成の話を聞いた日の帰り道。桜子は黒崎ダイアのアカウントに、ダイレクトメッセージを送っていた。「アクター部のことについて、会って話せませんか」という内容だ。
黒崎ダイアはこまめにファンのツイートに、リプライを送っている。だから、ダイレクトメッセージにも目を通してくれるはず。
しかし、二人の目論見は功を奏してはいない。
「やっぱり警戒されてるのかな。既読はついてんだけど」
呟く桜子は、ケースに写る黒崎ダイアとは正反対の、浮かない顔をしていた。
「何とかコンタクト取れないのかな。動画にコメントしてみるとか」
「それももうやった。だけど、承認されなかった。一応生配信にコメントするっていう、最終手段もあるけど……」
「あるけど?」
「他の人にも見えちゃうから、リスクが大きすぎるんだよね。それに時間帯がね……」
「時間帯?」
「次のライブ配信、来週の日曜の一九時からなんだよね」
桜子の声は消え入り、晴明も言葉をなくしてしまう。
来週の日曜の一九時には、フカスタでハニファンド千葉の試合がある。カァイブがデビューし、三体のマスコットがはじめて揃う大事な日だ。

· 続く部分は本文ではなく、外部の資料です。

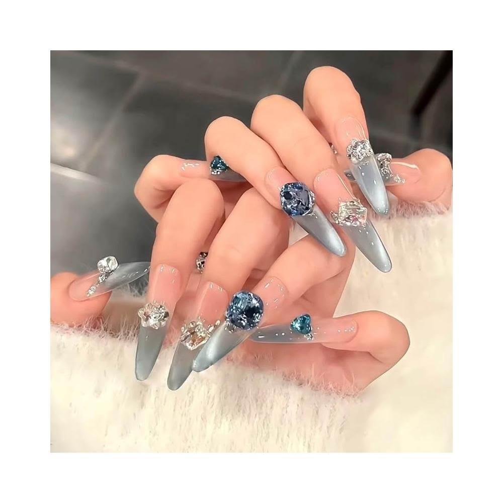 梵花 藍色多瑙河清透淺藍法式貓眼純慾ins高級感穿戴甲顯白藍系美甲指甲貼

晴明も桜子も参加する予定になっていて、その最中にコメントするのは、あまり現実的ではない。
頭上でもうすぐ電車が到着するというアナウンスが鳴った。二人は立ち上がり、乗車口で電車を待つ。
何かを言える雰囲気ではなかったが、電車の音にかき消される前に、晴明は口を開いた。
「さっきさ、渡先輩に会ったって言ったじゃん」
「うん。言ってたね」
「そこでさ、ちょっと約束しちゃったんだよね」
「何を?」
「テスト明けから、芽吹先輩が部活に戻ってくること」
晴明が言い終わるのを見計らったように警笛が鳴り、電車が到着する。
桜子が腰を下ろすやいなや、どういうことか聞いてきたので、晴明は簡単に経緯を説明した。見切り発車であることも含めて。

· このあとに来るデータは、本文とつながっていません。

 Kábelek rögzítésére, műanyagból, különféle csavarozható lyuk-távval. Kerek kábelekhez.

千葉中央駅から千葉駅までは二分もない。説明が終わって、桜子がため息をつくと、もう電車のドアは開いていた。
「じゃあ急がないといけないね」
「ごめん」
「いいよ。私もあまり長いこと引きずるのは嫌だったし」
騒めきがピークに達した駅構内で、二人は改札に向かいながら話し続ける。外はまだ辛うじて明るかった。
「とりあえず明日こそは朝、登校してくるところを捕まえたいんだけど、それは私一人でやるね」
「いや、俺も行くよ」
「そんなこと言ったってハル、平均点未満なら退部っていう条件、まだ生きてるんでしょ?」
ズバリ言い当てられて、晴明は言葉に詰まってしまう。
「私は何とかなるからさ、ハルは家で勉強しといた方がいいよ。アクター部を続けるためにも」
桜子が自分を心配しているのが分かっているから、晴明は沸々と湧き上がる悔しさを押し殺して、「ああ、頼むな」と答えた。だけれど、他意のない桜子の笑顔が少しだけ、胸のとげとげしたところに触れる。

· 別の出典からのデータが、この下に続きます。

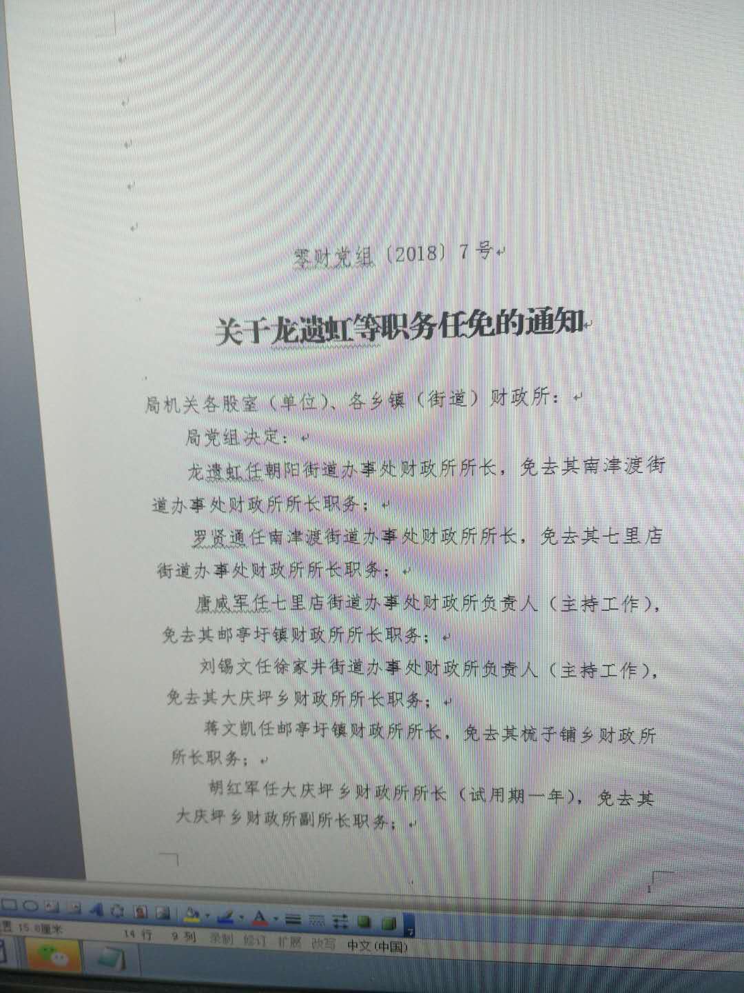 关于龙遗虹等职务任免的通知

晴明は歩くスピードを上げた。しかし、桜子を引き離すことはできなかった。
次の朝、晴明が教室のドアをくぐると、珍しく頭を抱えている桜子がいた。誰とも話していない桜子を久しぶりに、晴明は目にする。
話しかけると、桜子はひがむような目で答えた。
「今朝、芽吹先輩に話しかけようとしたんだけど、何も話してくれなかった。取り付く島もないって感じで。もしかしたら私、DMとかコメントを送ることで、芽吹先輩を怒らせちゃったのかもしれない……」
「じゃあ、今度は俺が会いに行くしかない?」
「ううん、ハルの顔も知られてるから、多分同じ結果になると思う」
凹む桜子をよそに、教室はうるさい。勉強のストレスを、会話で晴らしているかのようだ。
「どうしよう。やっぱり芽吹先輩が、自分から戻ってくるのを待つしかないのかな」
今朝の出来事がよっぽど堪えたのか、桜子は珍しく弱気になっていた。背も普段より小さく、晴明には見えてしまう。
「芽吹先輩はアクター部に戻りたがってんだろ。たった一度拒絶されただけでクヨクヨすんなよ」
口にしてから自分が大それたことを言ってしまったことに、晴明は気がつく。だけれど、桜子は小さく笑っていた。
「そうだね。何度も頼めば、心を開いてくれるかもしれないしね」
「そのことなんだけどさ」
頭を掻きながら口を挟む晴明に、桜子が「何?」と、疑問を呈している。
「俺さ、ここに来るまでに考えたんだけど、今日の放課後は、芽吹先輩のところを尋ねない方がいいと思う」
「どういうこと?」
「ちょっとこのことについて、話を聞いてみたい人がいるんだ」
ホームルームを知らせるチャイムが鳴り、間もなくして植田が入室してくるから、学生たちは席につかざるを得ない。それは晴明も同様で、話の続きはホームルームの後に持ち越すことにした。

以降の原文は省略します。